The vision of CUEA is to be a world-class University producing transformative leaders for Church and Society. The Hub plugs into its Research and Community Service pillars creating an innovation ecosystem that brings together a network of people and institutions to create new knowledge and innovations that can feed back into the classroom as well as provide solutions.
Speaking at the launch ceremony, Dr. Marc J. Holley, the Vice President of Conrad Hilton Foundation (CNHF) congratulated the University for the hub. He noted that the project has the potential of benefiting young innovators with big dreams of developing solutions for Kenya and the indeed the world.
CNHF is a charity organisation that supports programs in the areas of generating new knowledge, giving voice to issues and joining with others to achieve measurable impact. Also speaking at the launch, the University Vice Chancellor, Very Rev. Prof. Stephen Mbugua Ngari invited the industry for partnership in scaling this noble idea.
The hub provides a vital shift from theory to practical learning which creates a great connection between the Faculties, Students, Alumni, Researchers, Pastoral agents, with industry in positively responding to human challenges such as inequalities, health, climate change, while at the same time tapping into technological opportunities that come with internet of things, big data, artificial intelligence and block chain technologies.
The CUEA Innovation Hub provides a physical working space, computers, consultancy and research databases for the collaborators to generate and incubate ideas. It also provides start-up and entrepreneurship support, organises competitions and mentorship schemes for students and alumni with a view to encouraging the creation and scaling of enterprises. It establishes contacts with grassroots innovators, facilitates transfer of technologies and knowledge across the University and its partners, raises funds to support its work and scalable ideas, organizes training and innovation forums as well as provides an experimentation space.
The hub is a well-equipped facility that comes with an interaction space with Wiki capabilities to support stakeholder interaction and a big smart screen for testing innovations. It also has trained experts on innovation and entrepreneurship. The hub also hosts a Virtual Knowledge Gateway which provides an opportunity to create and share challenges on research topics of interest with possibility of getting solutions.
The hub which started its work late last year has already identified students from various Faculties of the University. Those ideas are currently being accessed for potential nurturing and incubation. During the launch, the students were given an opportunity to showcase their innovations with David Cheboryot, the East Africa Manager for E4Impact indicating that their organisation would work with the University to accelerate post-revenue ideas from the Hub. E4Impact is an initiative that supports the start-up and growth of new businesses in Africa.
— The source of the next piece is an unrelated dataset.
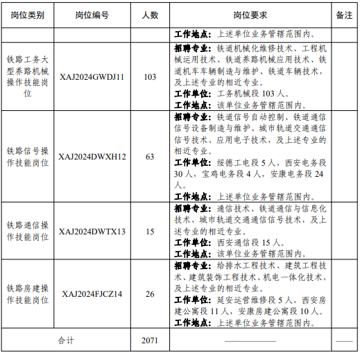 本次計(jì)劃招聘2071人,招聘崗位均為鐵路運(yùn)輸生產(chǎn)一線操作技能崗位。招聘崗位、專(zhuān)業(yè)、工作地點(diǎn)及人數(shù)等內(nèi)容詳見(jiàn)附件。

The University’s vision is to grow the Hub into regional innovation hub that can generate solutions for Africa’s social economic benefit, a hub capable of providing a model for other countries around the world. To achieve this, CUEA has a sought the collaboration of partners to bring her dreams into fruition. They include; IBM, Kent, The Kenya Conference of Catholic Bishops (KCCB), The Centre for Research in Religious Life and Apostolate (CERRA-AFRICA) and the Association of Sisterhoods of Kenya (AOSK). The University welcomes other partners with similar vision.
The CUEA Innovation Hub is housed in the University’s award winning Library and Learning Resource Centre that is also recognised as one of the greenest buildings in Africa.